3.18 Analysis: Type Systems
In about 5 pages (approximately 325 80-character lines or 2,750 words), write a paper about type systems.
Provided you write intelligently and demonstrate your understanding of type systems you can write about whatever you’d like. If that is too vague for you, or if you need some guidance, here are some suggestions:
- Discuss why so-called "dynamically typed languages", like Python, Ruby, and Racket can be thought of as statically typed. (Feel free to read Bob Harper’s blog on this topic, but don’t drink his Kool-Aid too much. He’s making a curious reductionary argument that doesn’t correspond to how the concept of "dynamic typing" is generally understand. It’s really a very clever rhetorical argument in favour of static type systems.)
- Discuss the trade-off between safety and convenience in programming as related to type systems.
- Learn about the Curry-Howard isomorphism. Relate and discuss it.
- Discuss how you can encode invariants about data into your types, other than based simply on atomic types.

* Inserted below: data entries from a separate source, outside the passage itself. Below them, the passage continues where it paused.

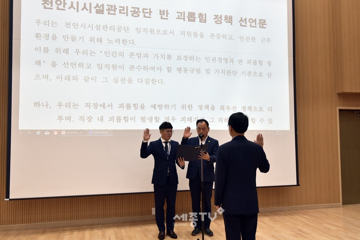 천안시시설관리공단(이사장 이원식, 이하 공단)은 6일 천안축구센터에서 전 임직원이 참석한 가운데 ‘직장 내 괴롭힘 근절을 위한 반(反)괴롭힘 정책선언식’을 개최했다.
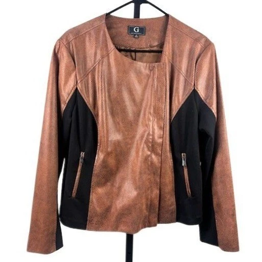G by Giuliana Women's Size 1X Brown Black Faux Leather Light Moto Jacket Coat
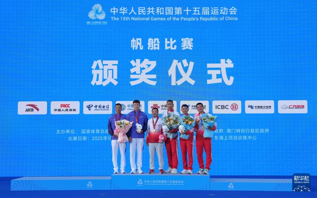 10月30日,广东队冠军毕坤(右三)、福建队亚军黄震(左二)、广东队季军蒋成范(右一)在男子水翼帆板组颁奖仪式上与教练合影。当日,第十五届全国帆船比赛在广东省汕尾市落下帷幕。新华社供图 晋美多吉10月30日,广东省队运动员江成范(左)与香港队运动员郑庆澜在男子水翼帆板奖牌争夺战中展开角逐。最终,姜千帆获得第三名,郑清然获得第四名。当日,第十五届全国帆船比赛在广东省汕尾市落下帷幕。新华社照片 晋美多吉 10月30日,广东省队队员江成帆(左)与香港队队员郑庆澜(中)参加男子水翼艇比赛冲浪奖牌比赛。最终,姜千帆获得第三名,郑清然获得第四名。当日,第十五届全国帆船比赛在广东省汕尾市落下帷幕。新华社供图 晋美多杰10月30日,广东省队队员江成帆(左)和香港队队员郑庆澜(中)参加男子水翼帆板奖牌争夺赛。最终,姜千帆获得第三名,郑清然获得第四名。当日,第十五届全国帆船比赛在广东省汕尾市落下帷幕。新华社供图 晋美多杰
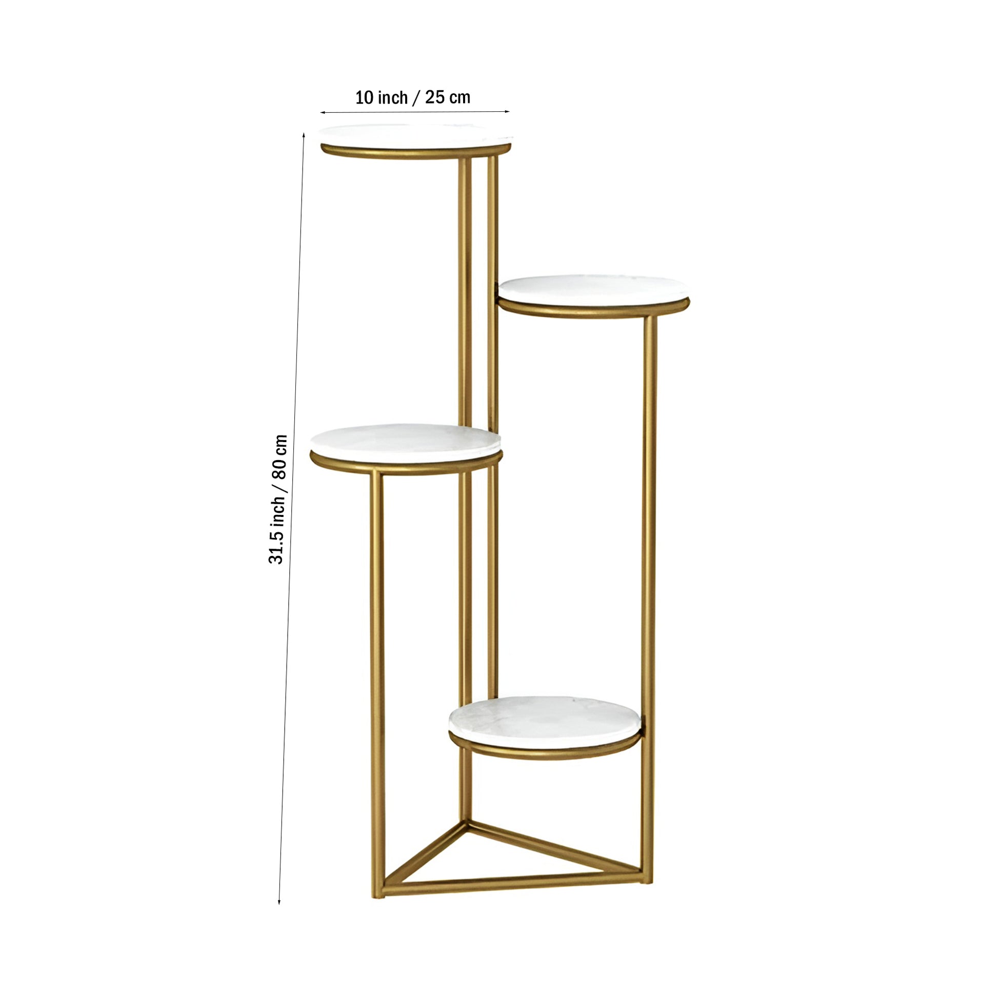 Beautiful Premium Looking Sturdy Metal Planter Stand With White Round Marble At Top - 4 Tier
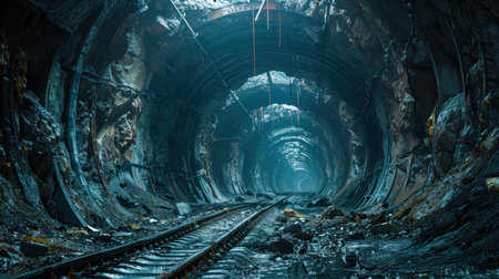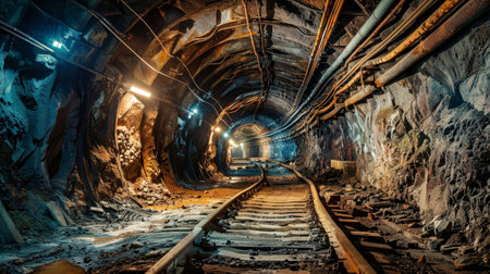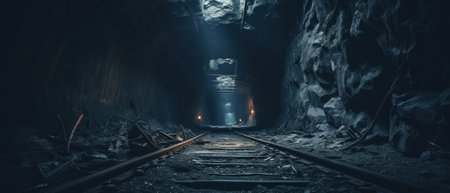 Dark underground mining tunnel with rail tracks illuminated by industrial lights. Mining industry concept
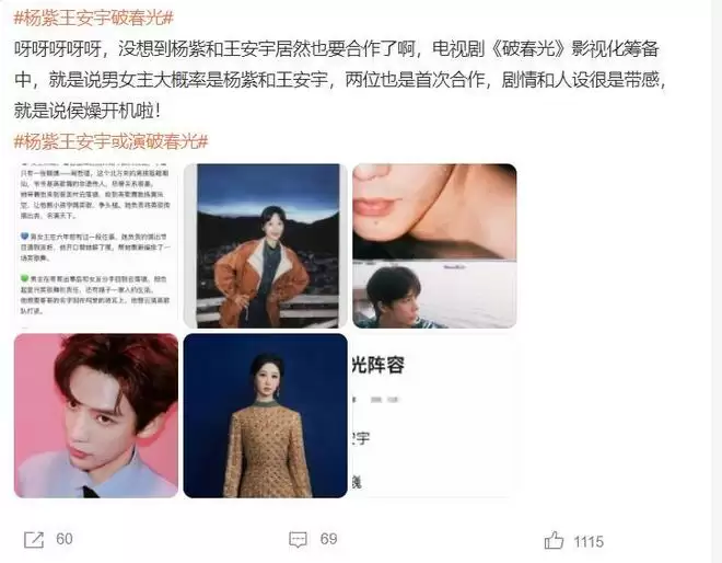 各位读者,看到网传杨紫搭档王安宇出演《破春光》的消息,你期待吗?我们还需等待最新官宣。
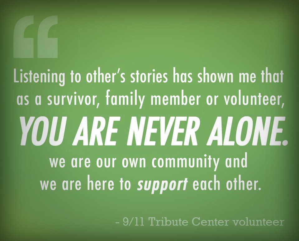 "As a [9/11] survivor, family member or volunteer, you are never alone." #MondayMotivationpic.twitter.com/xYijtWvAcb
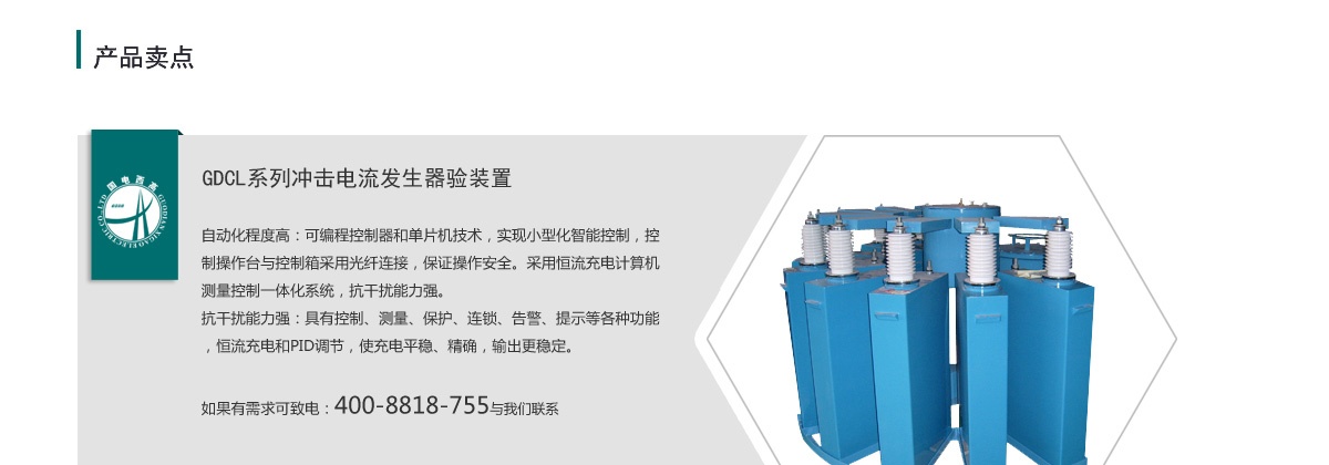 GDCL系列适冲击电流发生器用于10kV(残压100kV)及以下电压等级的避雷器及阀片进行标准雷电冲击电流,主要用来考核在过电压情况下非线性电阻片耐受长时间冲击电流的能力。
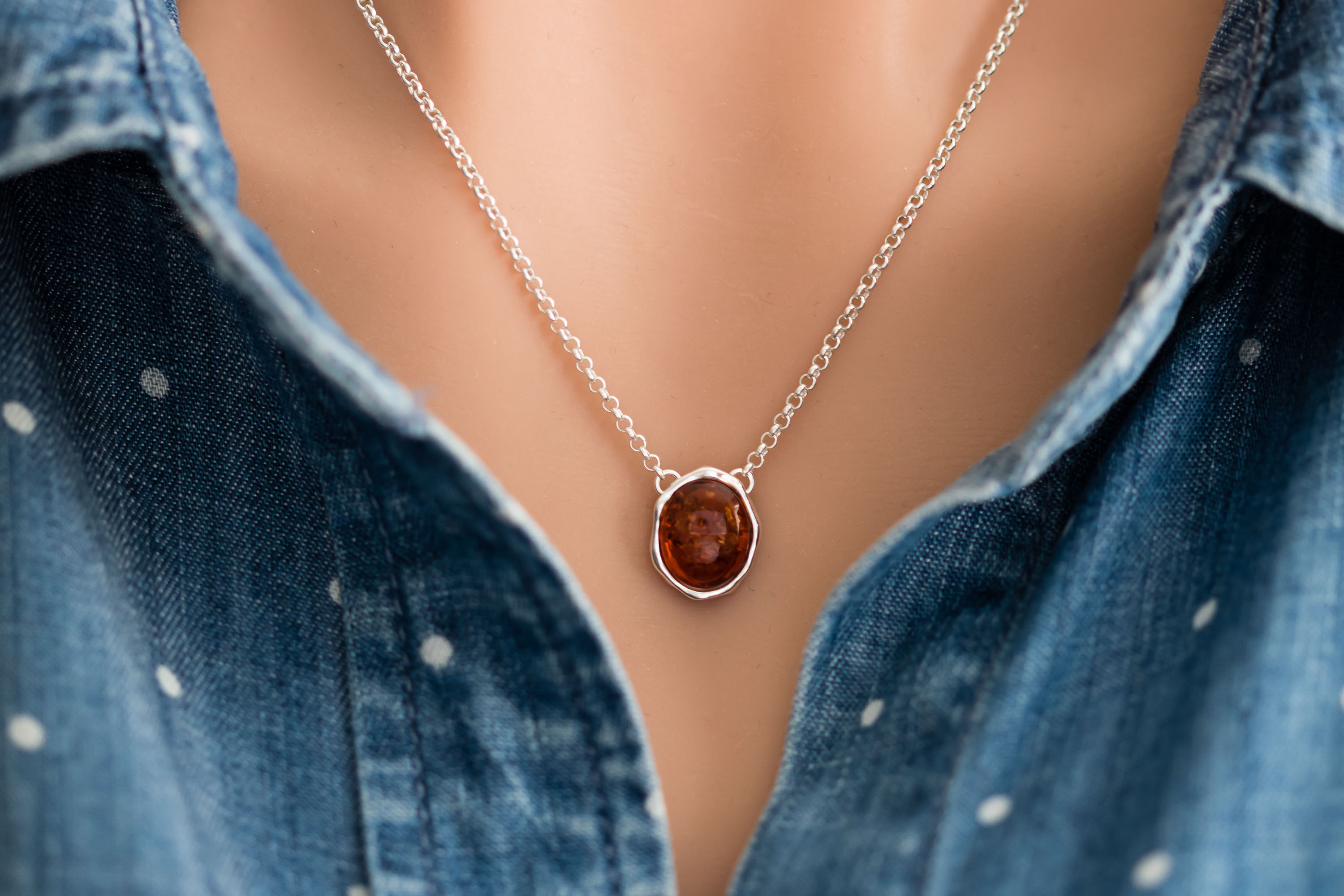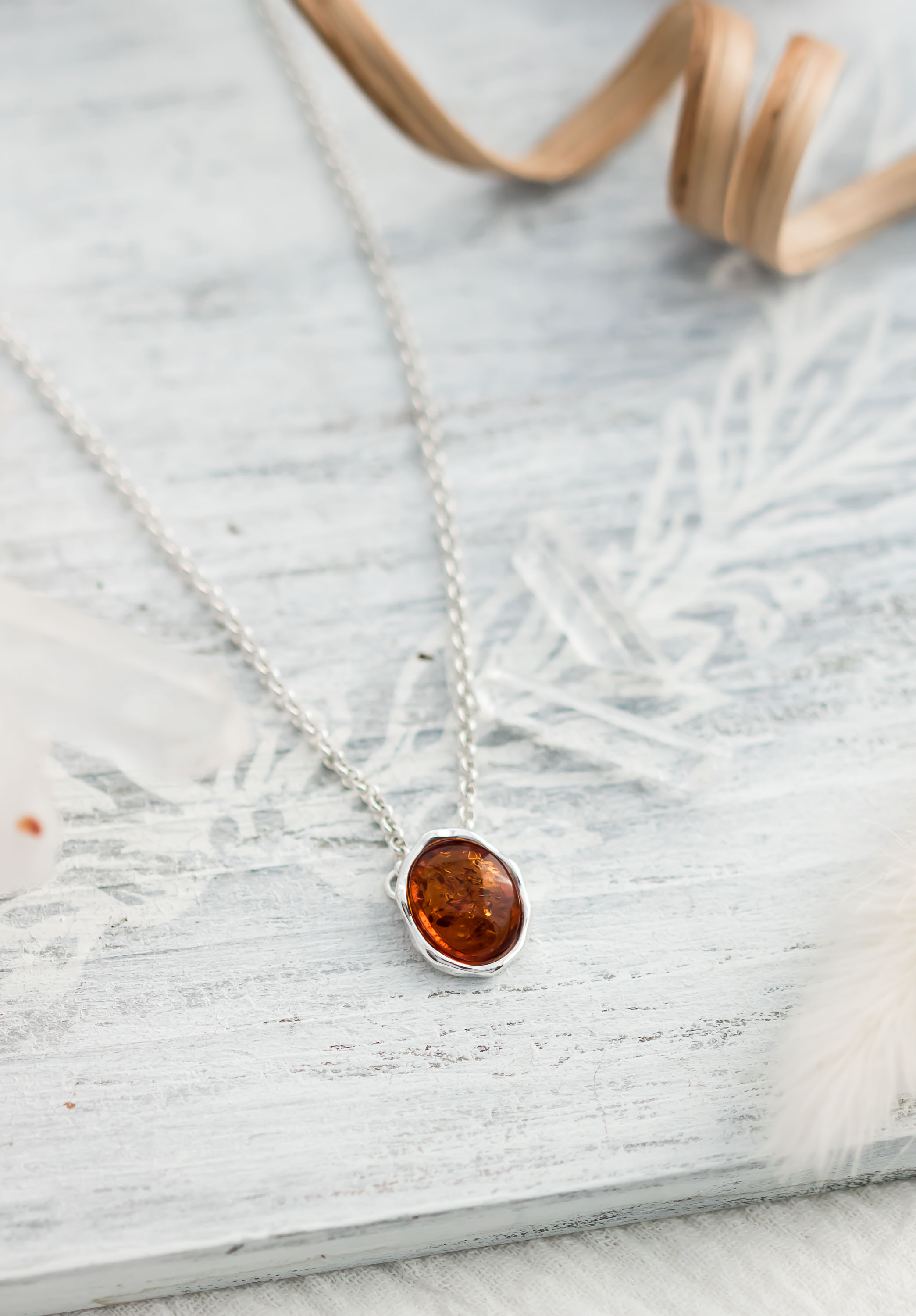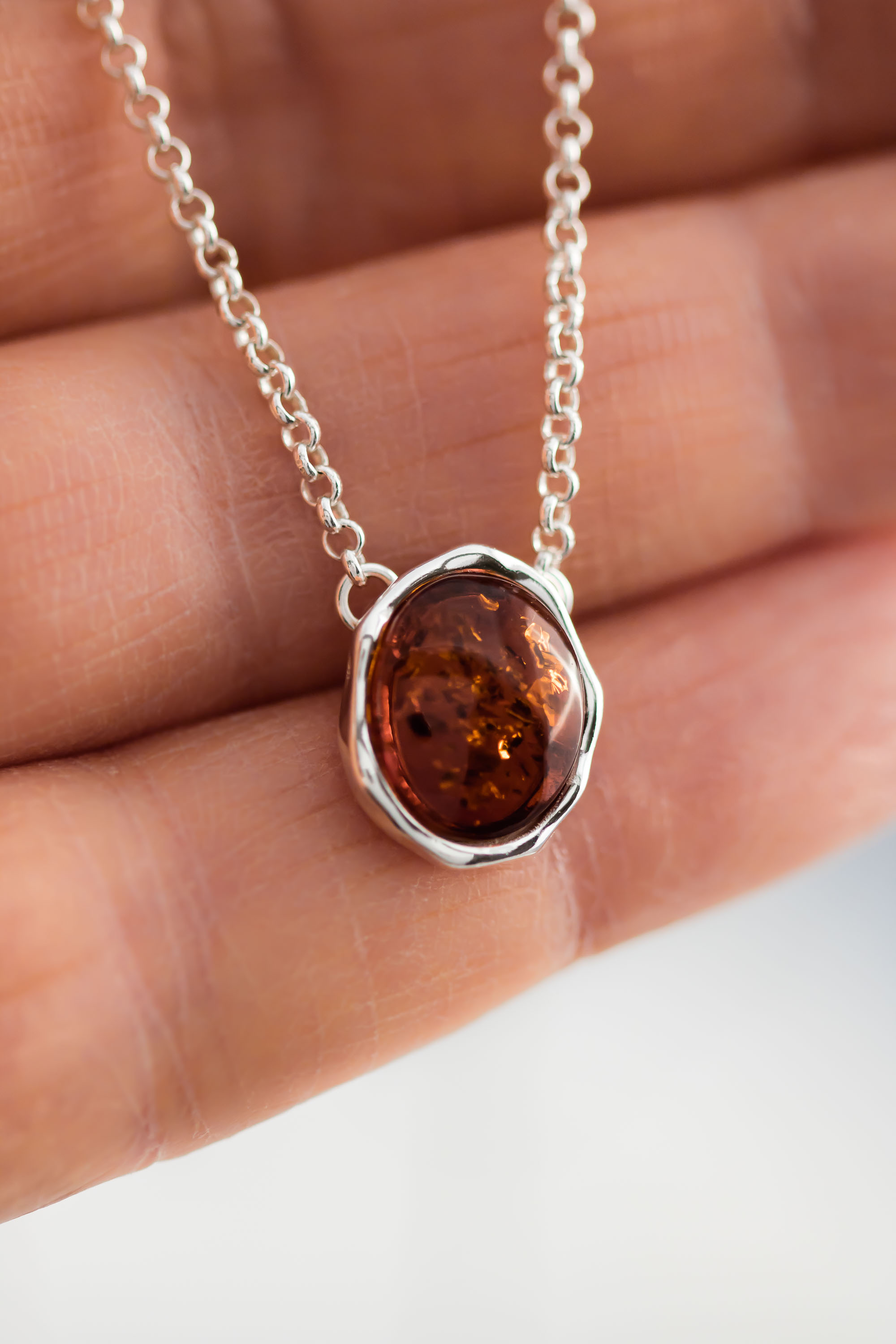 Showcases a dazzling 10mm x 8.5mm Baltic amber oval pendant with quirky, natural speckles

- How could you use types to guarantee that a piece of code does not modify the filesystem? Feel free to discuss what types you would give to the code, the filesystem accessors, etc.
- Discuss how type systems relate to laziness. Does laziness make a type system different? How?
- Discuss why type systems are conservative, as opposed to exact or liberal.
- Discuss why the simply-typed lambda calculus is strongly normalizing. Is that a good thing? In what situations?
- Read Functional Programming in C++, by John Carmack. How does this relate to this class and type systems.
- Discuss the difference between the Haskell and ML type systems. In particular, look into monads, type classes, and functors.
- Explain how type inference is related to Gaussian elimination and linear optimization.
- Discuss how type inference leads to "interesting" error messages. Can you think of ways to avoid this problem?
- Learn about the history of the so-called "value restriction" in ML. Relate and analyze it.
- Discuss the "occurs check" during type inference unification.
Refer to Language Analysis the First for details about including citations, history, code, etc in your writing in this class.